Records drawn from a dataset
*** Block opens ***

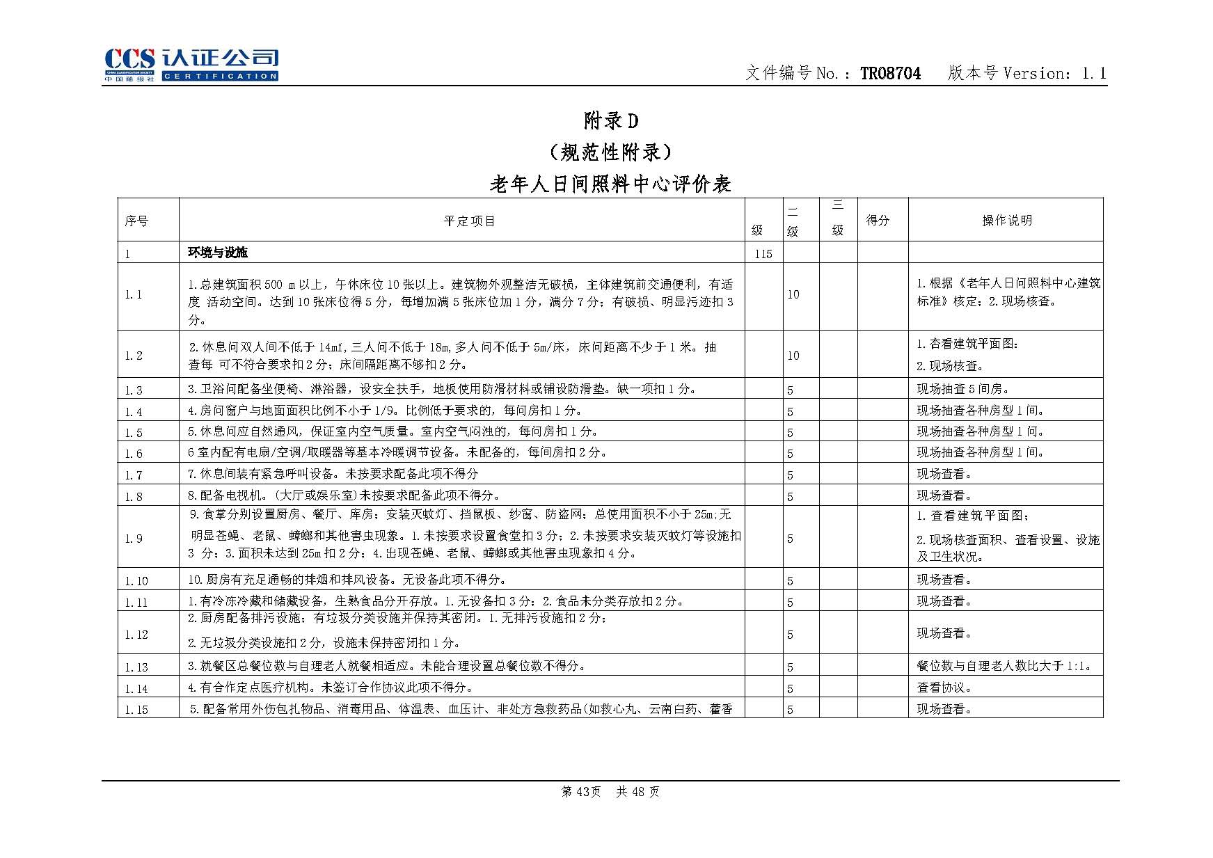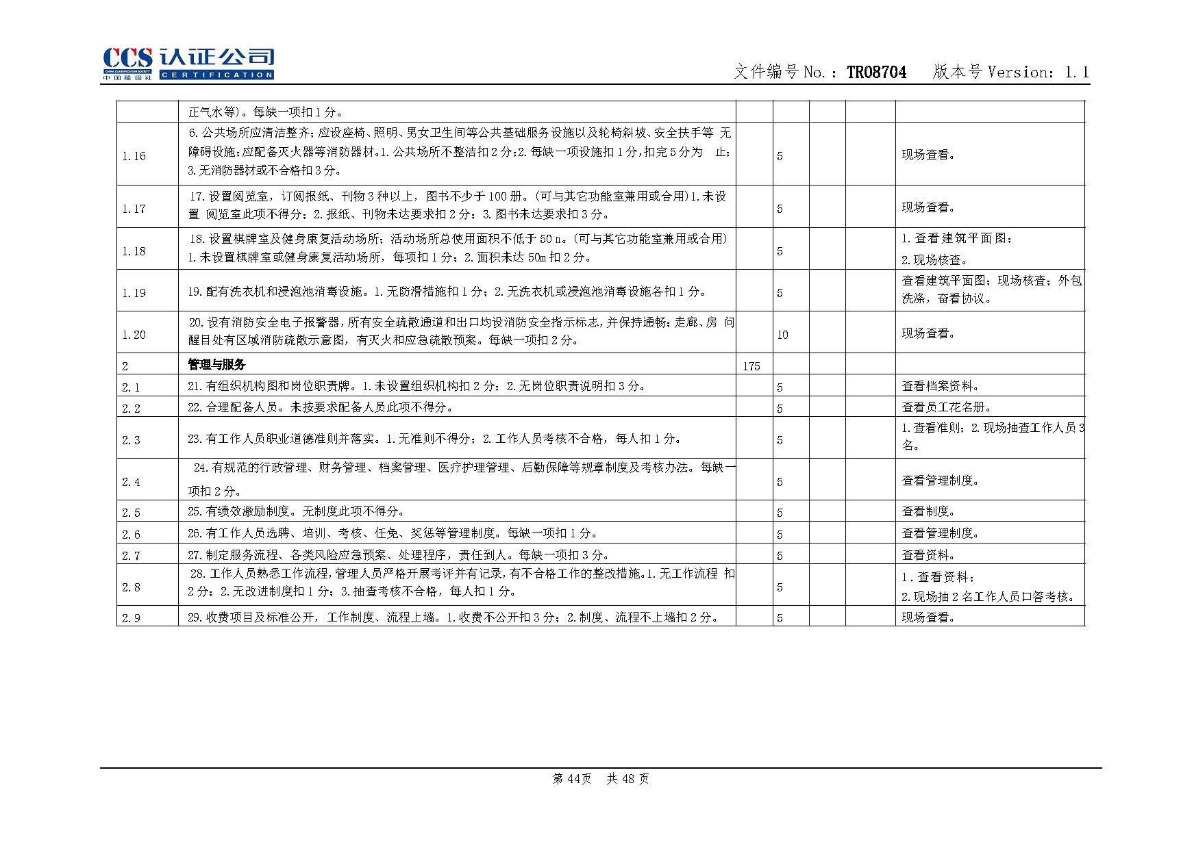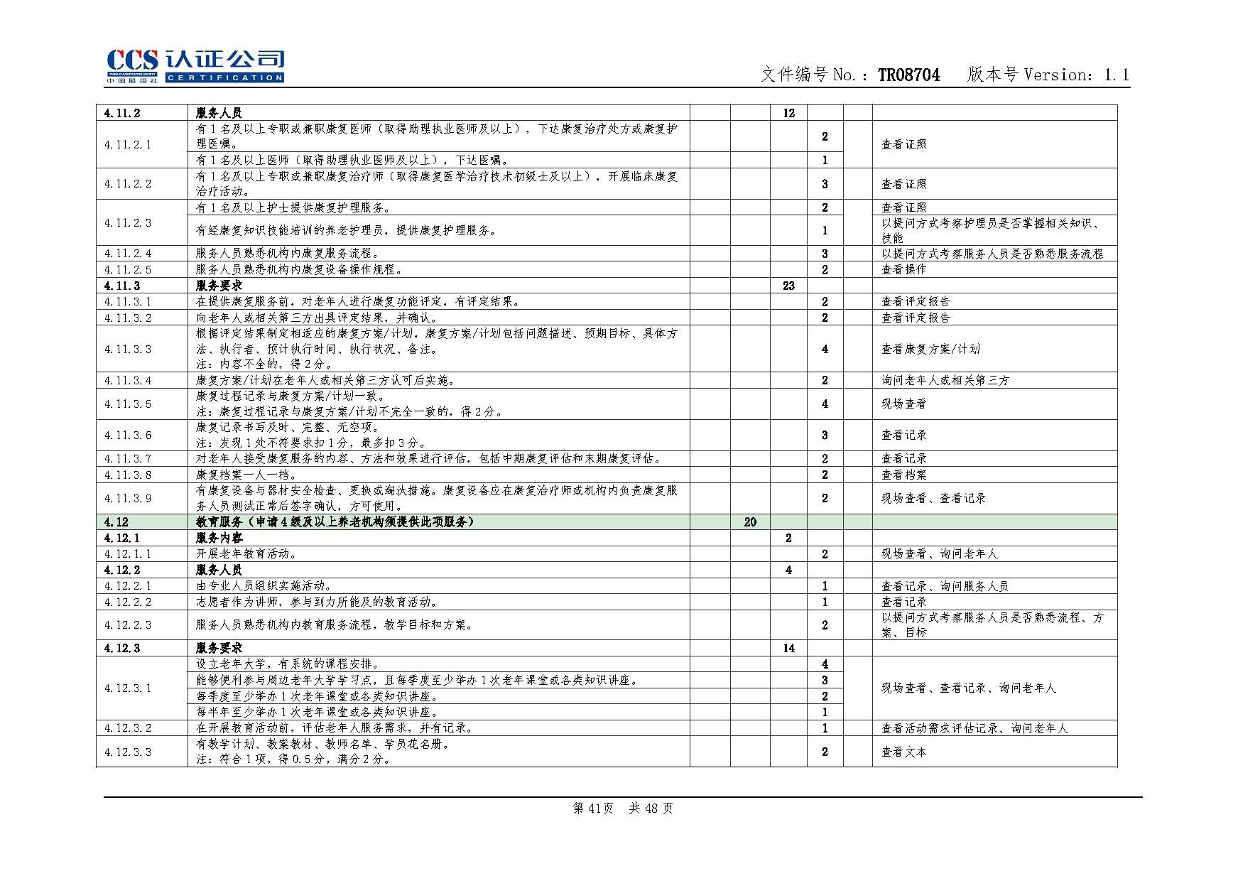 TR08704-1.1 養老服務認證實施專用規則
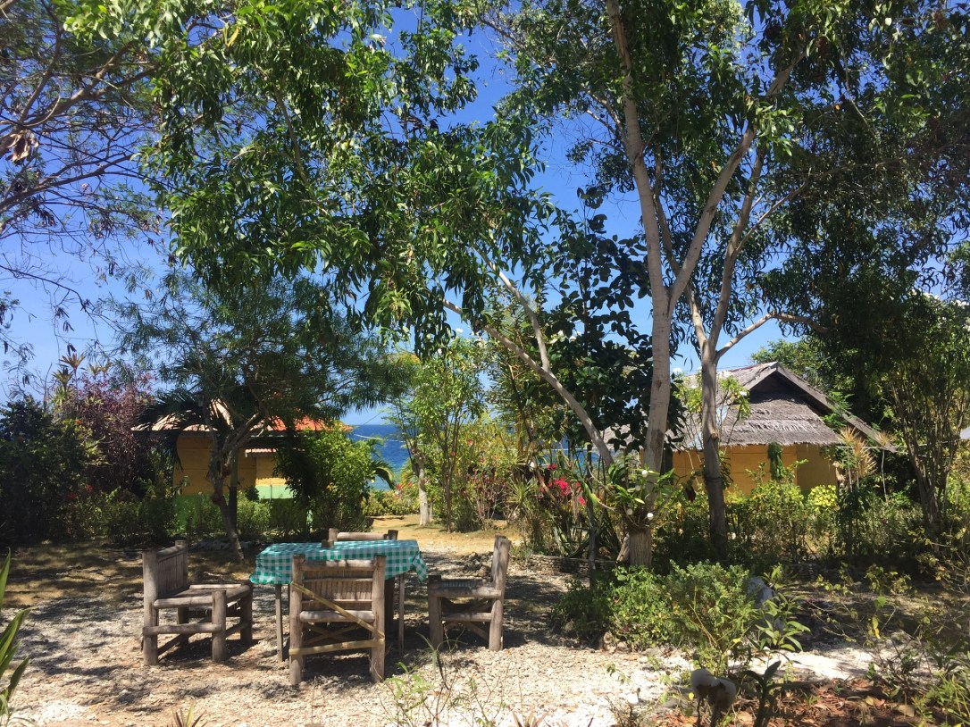 Here, you will find no luxury: bungalows of different sizes with different views (sea or garden), cold water showers (very common in Siqujor), a simple bedroom with fan, and a veranda. The garden is tended to with a lot of attention, there are a kitty and dog that belong to the property (as opposed to the dozens who run around anyway), and stairs lead you to a little private beach (good for snorkelling; if you need to rent equipment you can walk or drive to Kiwi Resort).
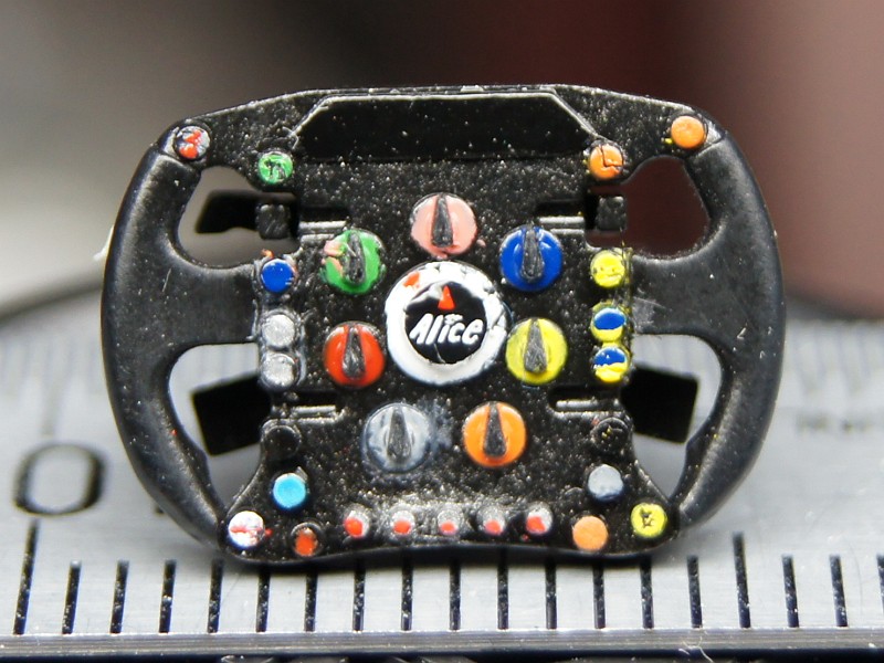 ステアリングホイールは、エナメル塗料でちょんちょんと色を置いていって、はみ出したらナイフやピンの先でカリカリやって、やっと感じでこんなになった。米粒に絵を書くような才能はないんで、もうムリ。
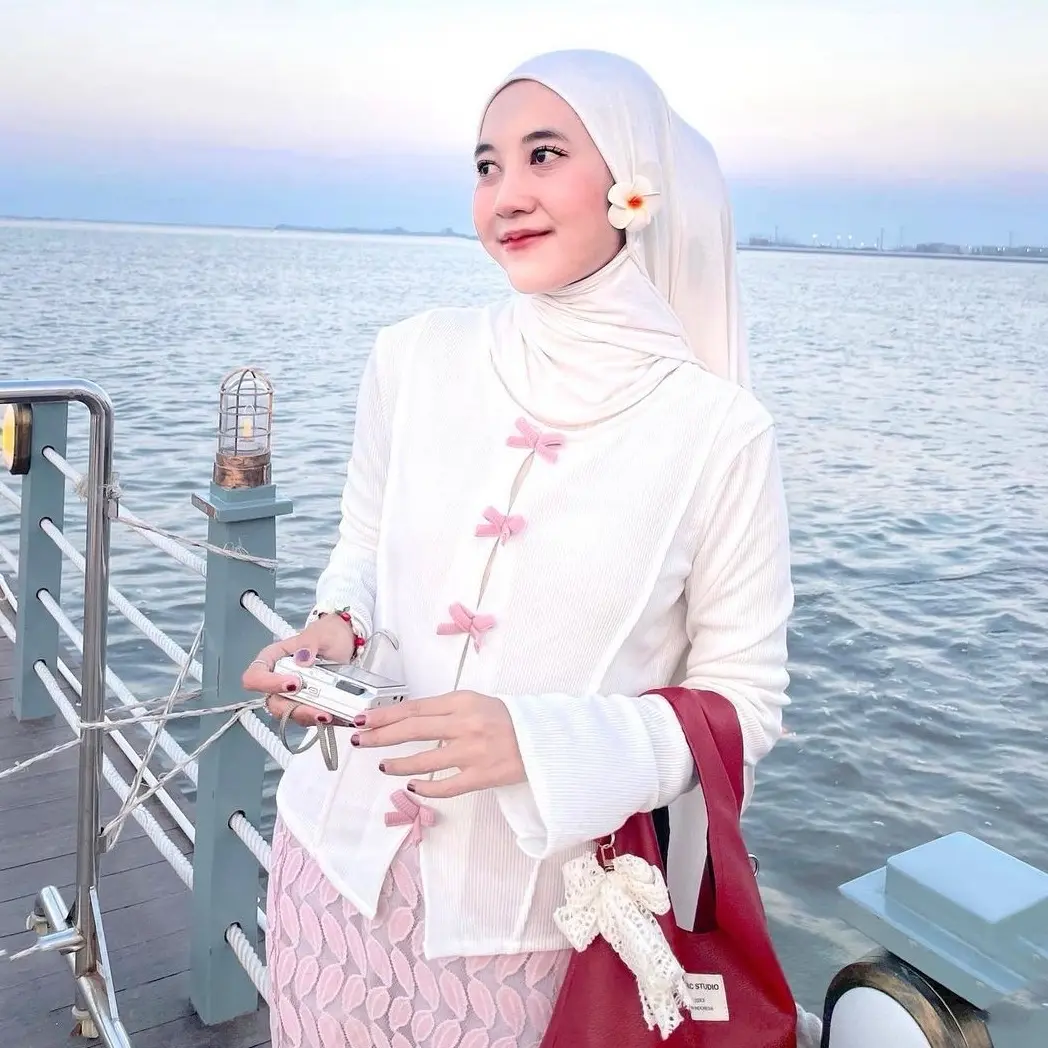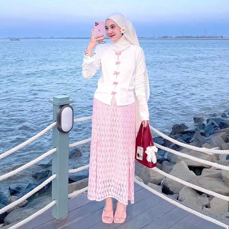 - Padukan dengan rok rempel putih atau plisket warna senada untuk tampilan girly
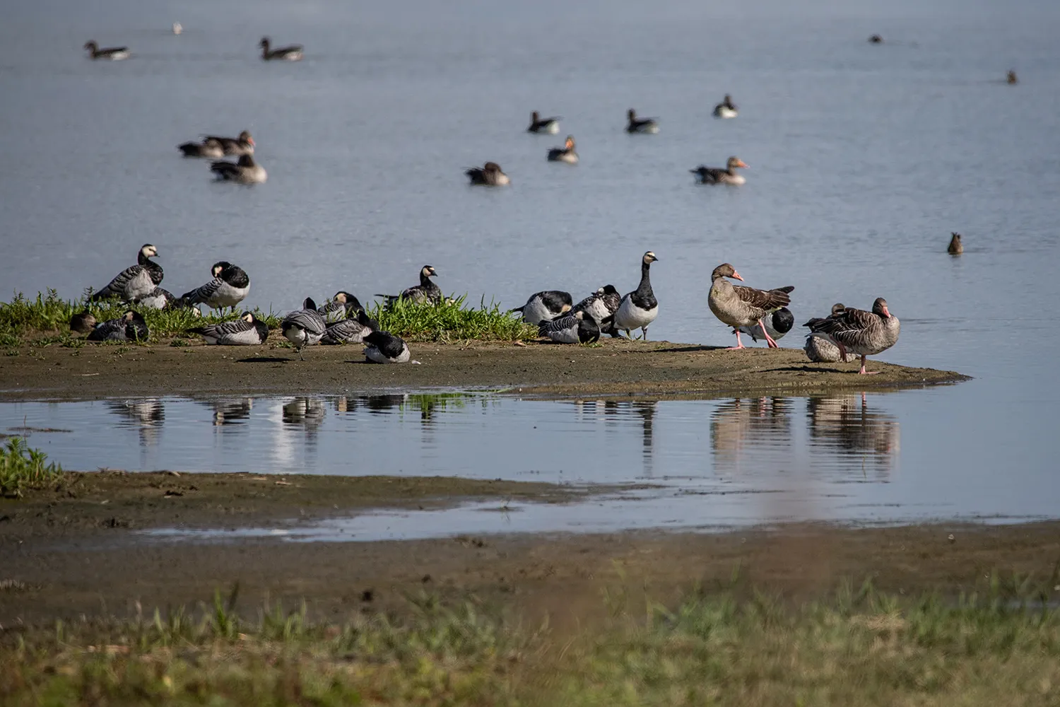 Der Beltringharder Koog ist eines der größten Naturschutzgebiete Schleswig-Holsteins und ein Paradies für Vogelbeobachter. Auf einer Fläche von rund 3.350 Hektar wechseln sich Süßwasserflächen, Salzwiesen und Schilfgürtel ab – ein perfekter Lebensraum für zahlreiche Arten. Besonders im Frühling und Herbst rasten hier zehntausende Zugvögel, darunter Weißwangengänse, Kiebitze, Austernfischer und sogar Seeadler.

*** Block closes ***

--- PROBLEM DESCRIPTION ---
Return the records above exactly, without the pictures.

--- OUTPUT OF THE EXERCISE ---
 TR08704-1.1 養老服務認證實施專用規則
 Here, you will find no luxury: bungalows of different sizes with different views (sea or garden), cold water showers (very common in Siqujor), a simple bedroom with fan, and a veranda. The garden is tended to with a lot of attention, there are a kitty and dog that belong to the property (as opposed to the dozens who run around anyway), and stairs lead you to a little private beach (good for snorkelling; if you need to rent equipment you can walk or drive to Kiwi Resort).
 ステアリングホイールは、エナメル塗料でちょんちょんと色を置いていって、はみ出したらナイフやピンの先でカリカリやって、やっと感じでこんなになった。米粒に絵を書くような才能はないんで、もうムリ。
 - Padukan dengan rok rempel putih atau plisket warna senada untuk tampilan girly
 Der Beltringharder Koog ist eines der größten Naturschutzgebiete Schleswig-Holsteins und ein Paradies für Vogelbeobachter. Auf einer Fläche von rund 3.350 Hektar wechseln sich Süßwasserflächen, Salzwiesen und Schilfgürtel ab – ein perfekter Lebensraum für zahlreiche Arten. Besonders im Frühling und Herbst rasten hier zehntausende Zugvögel, darunter Weißwangengänse, Kiebitze, Austernfischer und sogar Seeadler.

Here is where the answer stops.